→ Excerpted records:

====

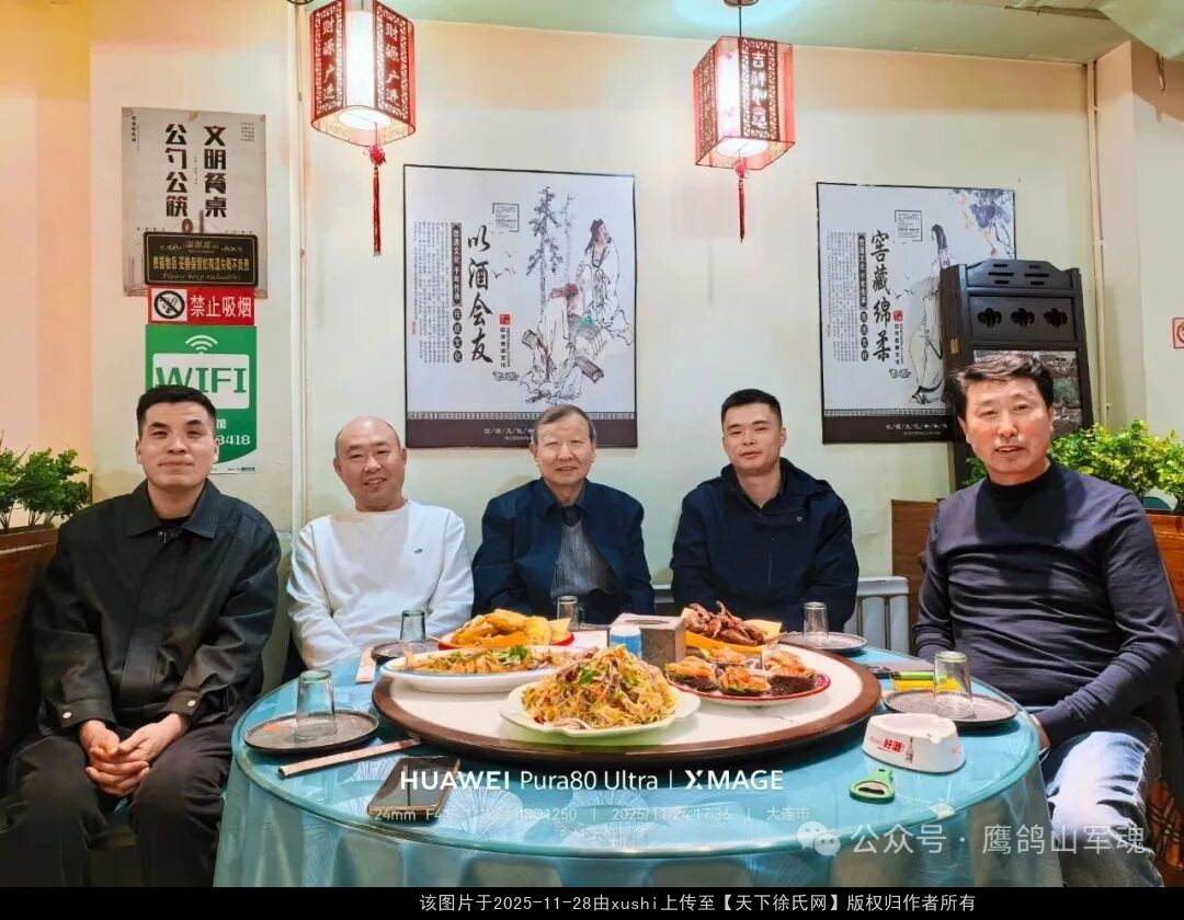 晚上致渤宗亲又安排了晚宴,参加晚宴的有徐向民、徐学彬。致渤宗亲举杯致辞,欢迎晓强和徐康宗亲来大连联谊,干杯!席间的主题是徐文化,包括徐国史、谱牒等。
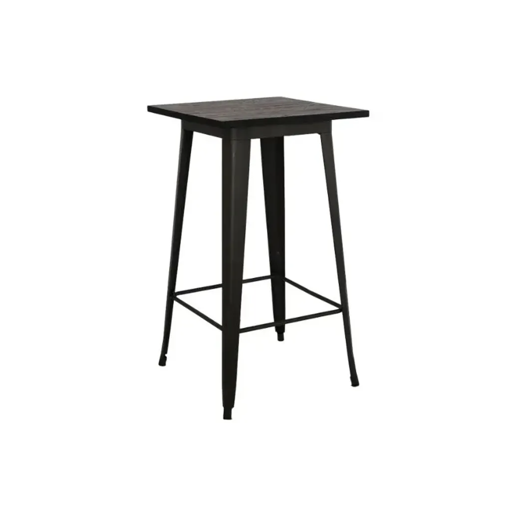 The Maverick Bar Table is a small and compact table ideal for an intimate entertainment gathering. Made with metal legs and Elmwood, this table with its sturdy design will serve its purpose and fit seamlessly in with your home with its dark brown colour. The table and accompanying chairs all have rubber feet to not spoil your floors and with its size, it's perfect for any small nook area. Lastly, for added comfort, the Maverick Bar Table has a backrest and footrest.
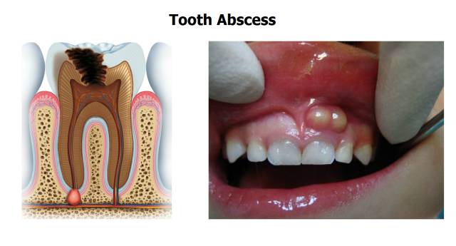 并不会!牙龈脓包是个狡猾的家伙,它可能在蛀牙的牙龈位置表现出来,像这样的:
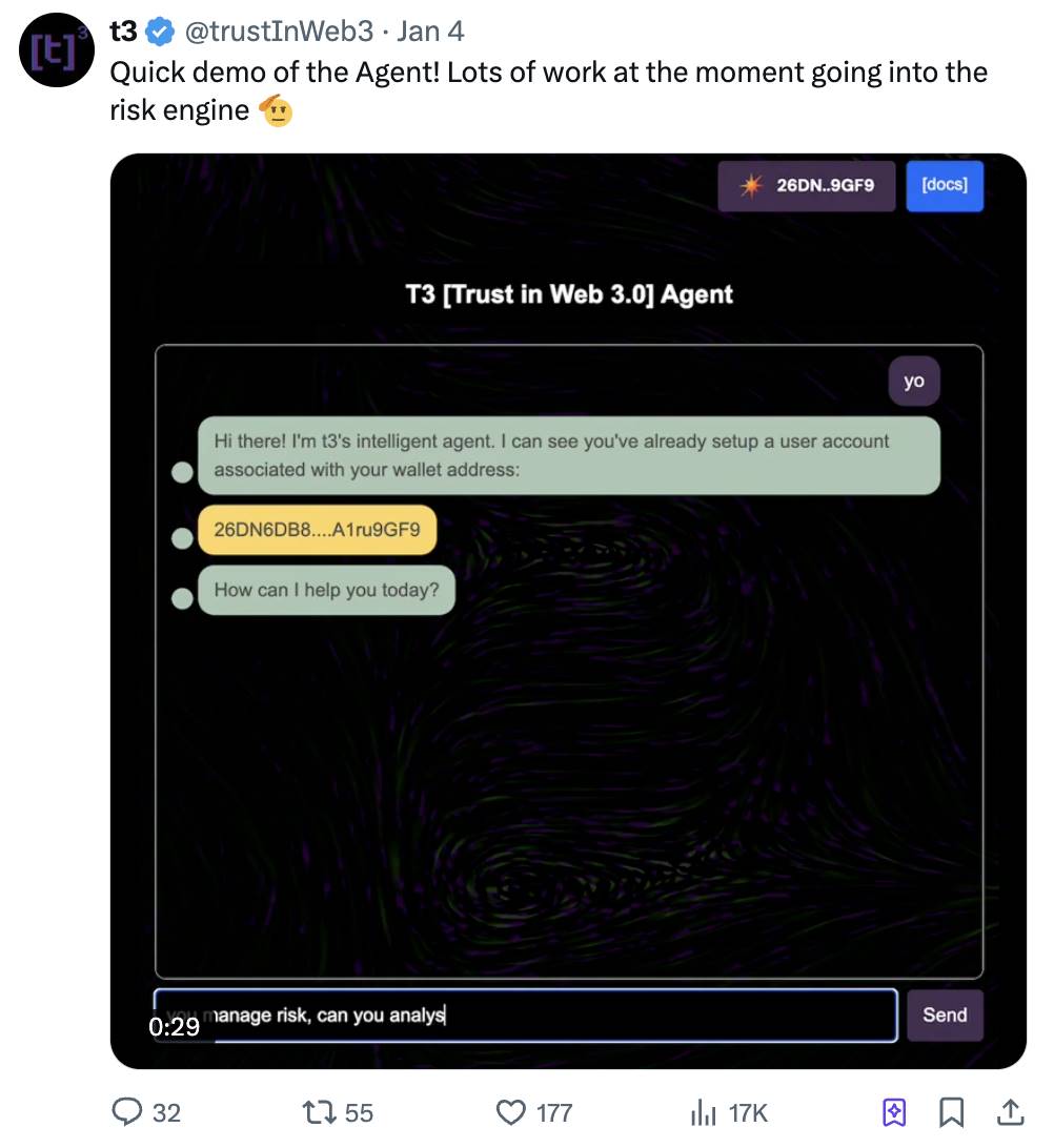 T 3A I 的 AI 智能体可以实时监控贷款的健康状况,并通过其风险指标框架,确保贷款始终处于可偿还的状态。这是一个 AI 在 DeFi 中的有趣应用实例。
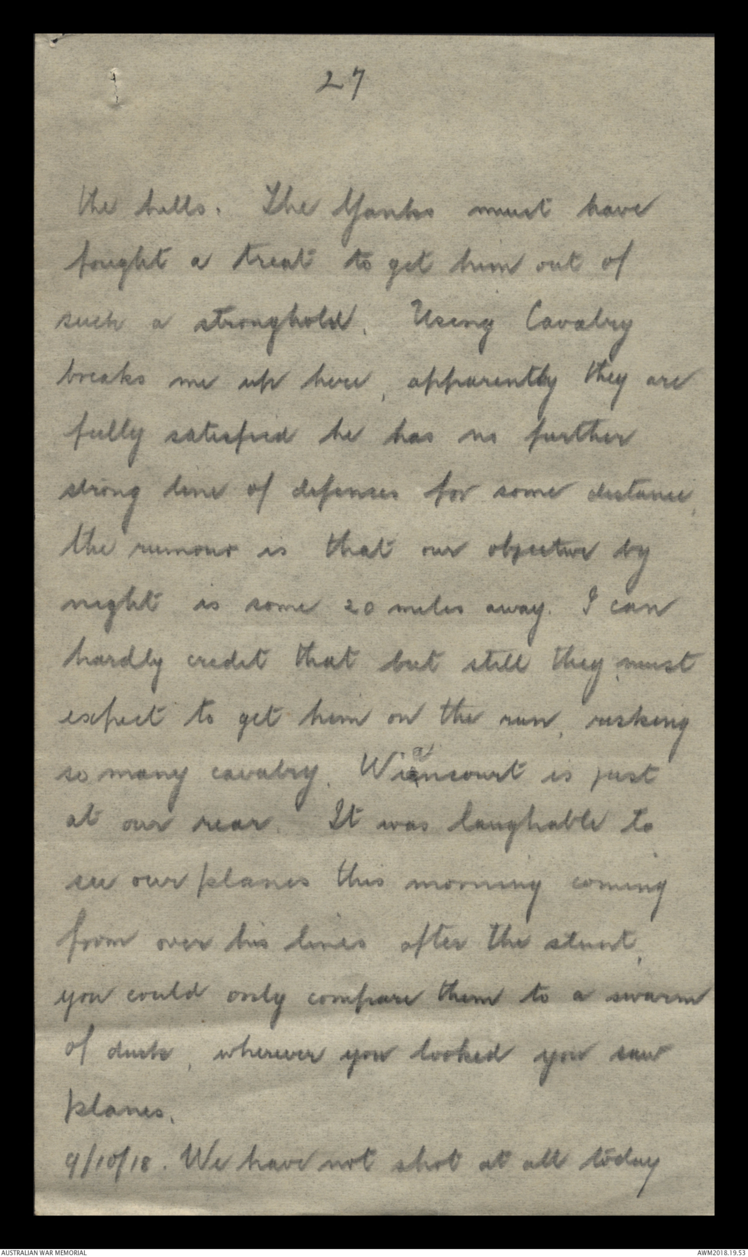 Diary of Alexander Sutherland Mackay, 11 September 1918 - 11 October 1918 - Part 3

====

→ Prompt:
From the line containing "The Maverick Bar Table is" down to the last line of the entries above, copy each line exactly and nothing more. Leave pictures out.

→ Answer to the problem:
 The Maverick Bar Table is a small and compact table ideal for an intimate entertainment gathering. Made with metal legs and Elmwood, this table with its sturdy design will serve its purpose and fit seamlessly in with your home with its dark brown colour. The table and accompanying chairs all have rubber feet to not spoil your floors and with its size, it's perfect for any small nook area. Lastly, for added comfort, the Maverick Bar Table has a backrest and footrest.
 并不会!牙龈脓包是个狡猾的家伙,它可能在蛀牙的牙龈位置表现出来,像这样的:
 T 3A I 的 AI 智能体可以实时监控贷款的健康状况,并通过其风险指标框架,确保贷款始终处于可偿还的状态。这是一个 AI 在 DeFi 中的有趣应用实例。
 Diary of Alexander Sutherland Mackay, 11 September 1918 - 11 October 1918 - Part 3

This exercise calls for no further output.